Part Three: Coded telegram

    The most important aspect of comet observation is to measure the positions of the comet. Even if it is lost, the correct positions will often provide enough clues for later recovery. With three separate observations of the same comet at certain intervals the comet's orbit can be determined and it is unlikely that it is mistaken for another comet. Therefore, measurements must be made carefully. Under dim red light of a flashlight covered by red cloth, I recorded each field star very carefully, and then drew that fuzzy object among the stars. Now the observation was complete. I grabbed the notebook which contained the results of my observation and left the telescope behind. When I was about to climb down the ladder, something made me feel uneasy: "Somewhere in the world..."
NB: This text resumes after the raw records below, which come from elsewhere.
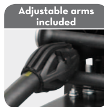
with end-of-travel hose stop.
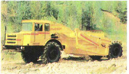
Скрэпер самаходны МаА3-6014 (Магілёўскі аўтамабільны завод).

СКРЭПЕР (англ. scraper ад scrape скрэбці), землярына-транспартная машына цыклічнага дзеяння для паслойнага зразання, транспартавання, адсып-
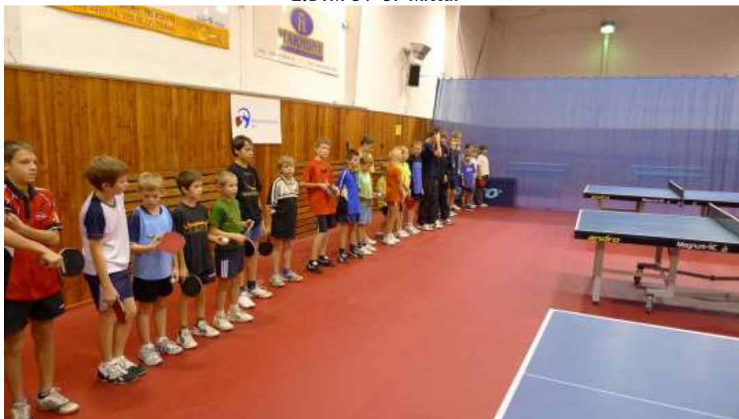
Boje nejmenších 2.BTM Mittal

    All over the world there are a large number of comet hunters competing for the honor of discovery. I could not relax now. Even if you managed to discover something, someone else could have discovered it and beat you only by a second. But I stopped worrying soon. The discovery position of this comet was at declination 38 degrees south, low in the southern sky. It was almost hugging the horizon. A majority of skilful observers outside Japan reside at high latitudes in Europe and this southern comet should not be visible from them. I was rather relieved. Comet hunters are always anxious that there may be someone else somewhere in the world looking at the same comet. Isn't there anyone who is watching this comet?
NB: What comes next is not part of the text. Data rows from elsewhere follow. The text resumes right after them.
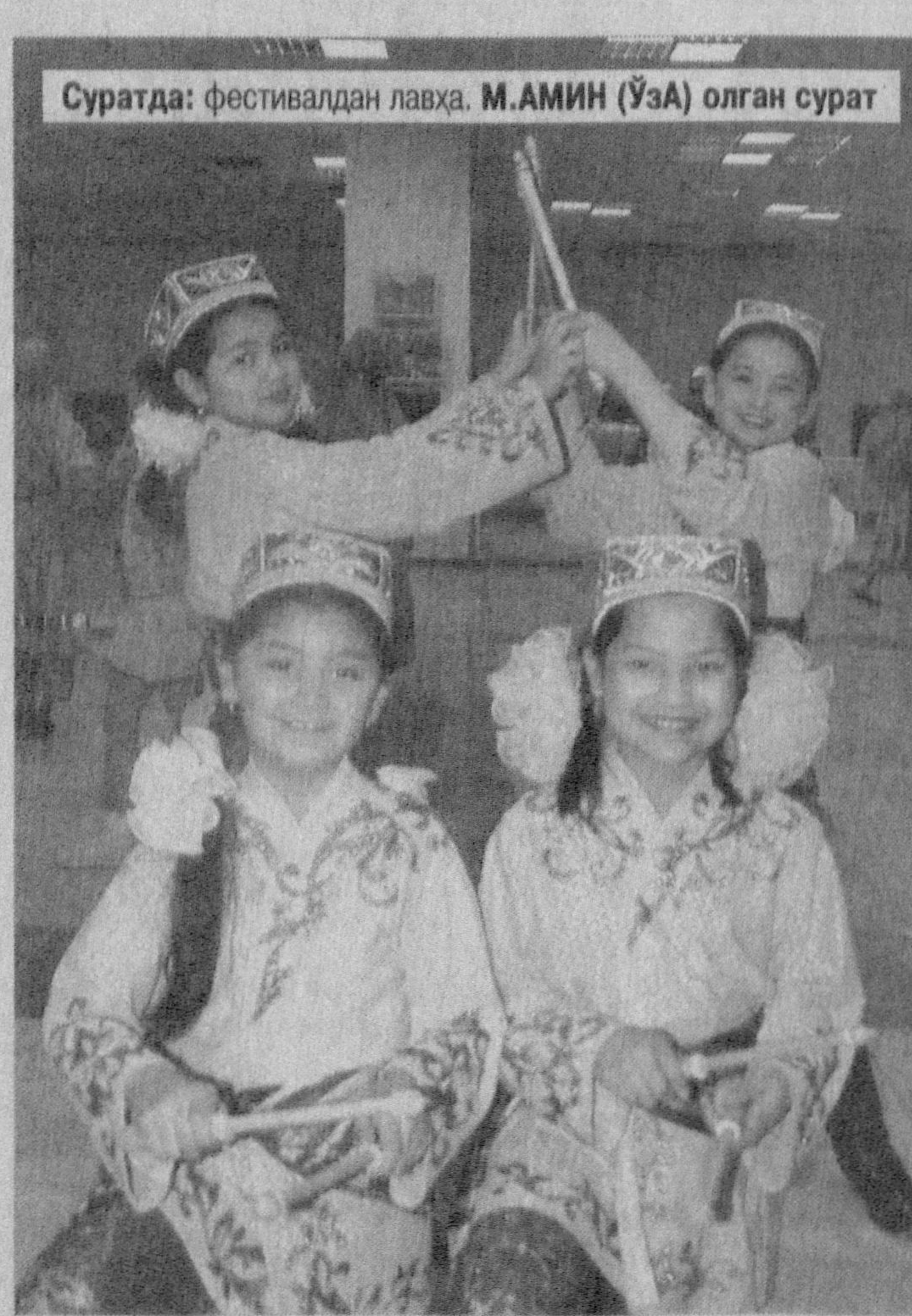
Суратда: фестивалдан лавҳа.
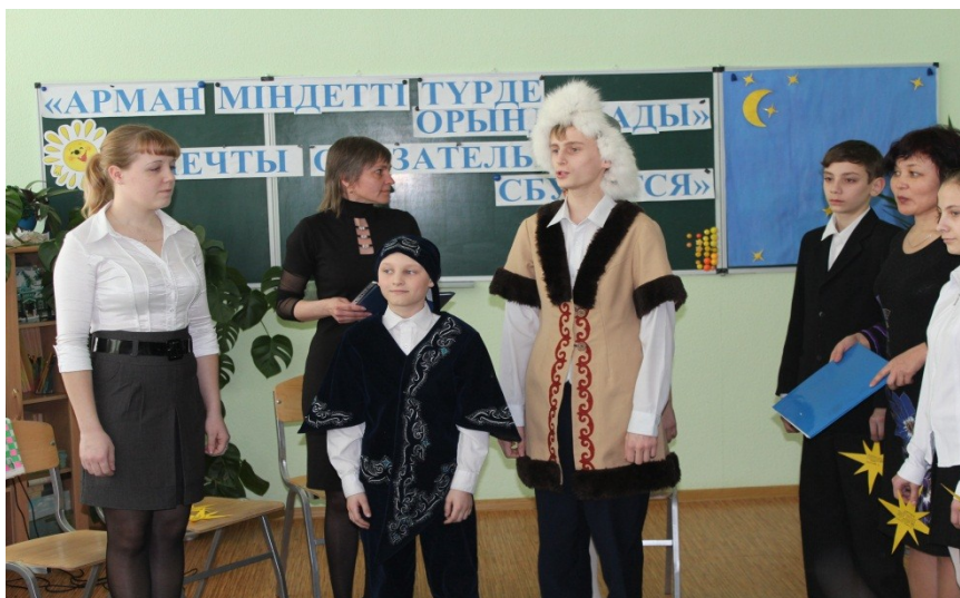
Фрагмент сценки «Старец и сын»

Жанарыңнан танқүліп жар болуға келіскен- Бақытым сың мәңгілік, аққуқанат періштем!
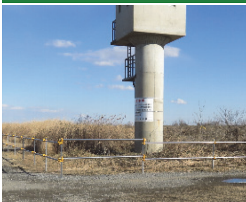
立入防止柵の設置
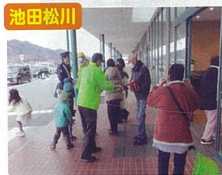
池田松川 街頭啓発活動
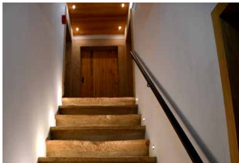
NISA - Interior da "Casa das Memórias" (Cadeia Velha) - Valor: 535.201,97 € + IVA
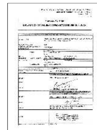
La Oficina de Programación e Inversiones del Poder Judicial aprobó y declaró la viabilidad del proyecto.
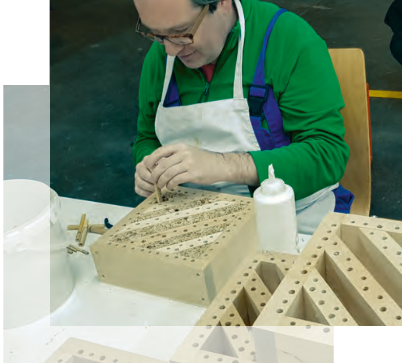
↑ Mitglied der MutMacherMenschen eG baut ein Wildbienenhotel

Die Genossenschaft bietet einen geschützten Rahmen, in dem sich die Mitarbeiterinnen und Mitarbeiter ohne äußeren Druck ausprobieren und die eigene Belastbarkeit testen können. Aber sie bietet auch einen Raum, um in einem arbeitstherapeutischen Ansatz wieder auf die üblichen Bedingungen am Arbeitsplatz vorzubereiten. So konnte ein bereits wegen seiner Erkrankung verrenteter junger Mann durch seine Arbeit bei den „MutMacherMenschen“ wieder so viel Selbstvertrauen und Belastbarkeit entwickeln, dass er aus der Rente zurück auf eine Vollzeitstelle in seinem erlernten Beruf wechseln konnte.

    There was one person who was staring at this comet, while I was preparing a discovery report. He was watching the sky over a desert in America, halfway around the world. My vague concern was about to become a reality, but there was no way to know it, when I was preparing a repot. I had to hurry. This low altitude comet would sink below the horizon soon. It was close to midnight. The first thing to do would be send a telegram to Tokyo Observatory. Once the discovery had been verified by the observatory, they would be ready to telegraph the news immediately to Copenhagen in Denmark, where the Center for Astronomical Telegrams is located.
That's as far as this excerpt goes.